The UK Department of Health (PHE) recommends that every adult take 10 micrograms of cholecalciferol (400 IU) daily in autumn and winter. The US National Institutes of Health (NIH) states that an adult needs a dosage of 15 mcg (600 IU) per day.

Vitamin B12

Most people get enough vitamin B12 from their daily diet. Additional intake is recommended for people over 50, vegetarians and vegans. The NIH warns that vitamin absorption declines after age 50, so supplements should be considered. The recommended dose is 2.4 mcg daily. The US National Institutes of Health advises the same dosage for those who limit the consumption of meat products.

Vitamin B12 deficiency causes weakness, constipation, loss of appetite and weight loss. There may be numbness and tingling in the arms and legs, problems with balance and memory.


Calcium, like vitamin D, is important for a strong skeleton. Although calcium deficiency is rare, intake below recommended levels can have negative health effects. In the long term, insufficient calcium intake can lead to osteoporosis.

The NIH says postmenopausal women, vegetarians, and people who are lactose intolerant or allergic to cow’s milk are at risk. The recommended dose for an adult is 1000 mg, and 1200 mg for women over fifty.

“The body cannot process more than 500 milligrams of calcium at a time. If you are taking a supplement with a large amount, your body must be doing something in excess. It is possible that the pain Not high levels of calcium in the blood can cause blood clots, or that calcium can build up along the walls of arteries and contribute to blood vessel constriction,” warns Erin Michos, MD, Associate Director of Preventive Cardiology at the Ciccarone Center for the Prevention of Heart Disease.

Considering that an adult over fifty receives from 600 to 700 mg of calcium per day with food, it remains to add just no more than 500 mg per day.
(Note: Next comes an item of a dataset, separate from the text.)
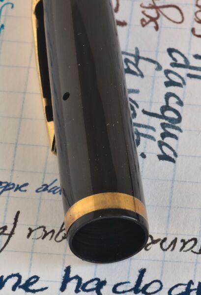 Photo of a pen produced by Tibaldi. Model: Tibaldi Trasp.M. Filling system: piston filler. In black celluloid. Detail of band. Hooded nib model, marked "D-2333".
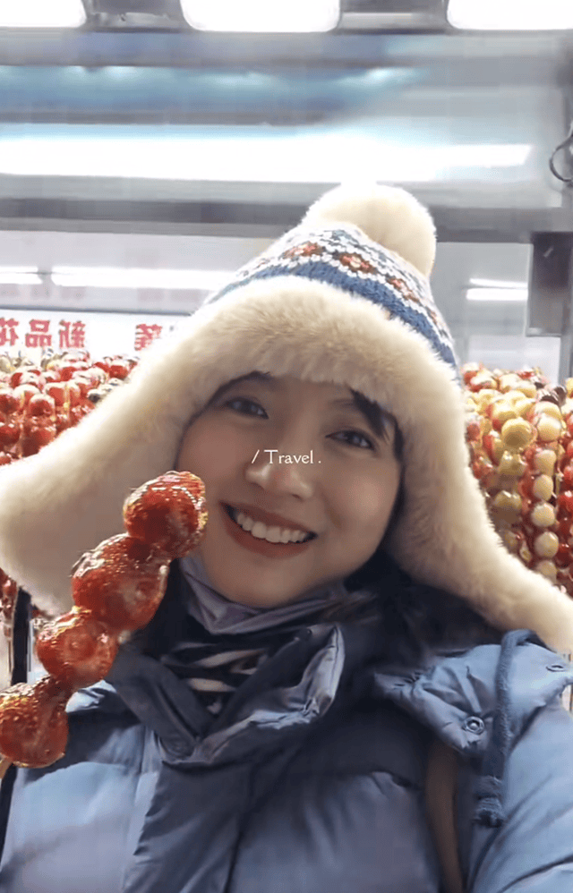 话说回来,到哈尔滨度假的张梓琳还打卡了中央大街,吃了各种美食。下图中拿着糖葫芦拍照的张梓琳,鼻头都被冻得有些红了,但相比美食,这些并不算什么,张梓琳自己都说:“别问我冷不冷,问就是好吃。”

Irregular vitamins can be damaging 

The US National Institutes of Health says that taking vitamins within the recommended dosage range is unlikely to harm. The problem is that today many food products are additionally enriched with microelements. This means that with food we get a little more than we think. If you add vitamins with minerals also in capsules, instead of benefit, you can get hypervitaminosis and health problems.

Also, not all vitamins are good for everyone. Vitamin A is known to be toxic to the fetus during pregnancy. It is also not known how a food fortified supplement will affect the results of some tests.

If you are already taking vitamins for prevention, you should consult a doctor you trust. And it is better to choose registered drugs so that nutritional supplements do not play a cruel joke on you.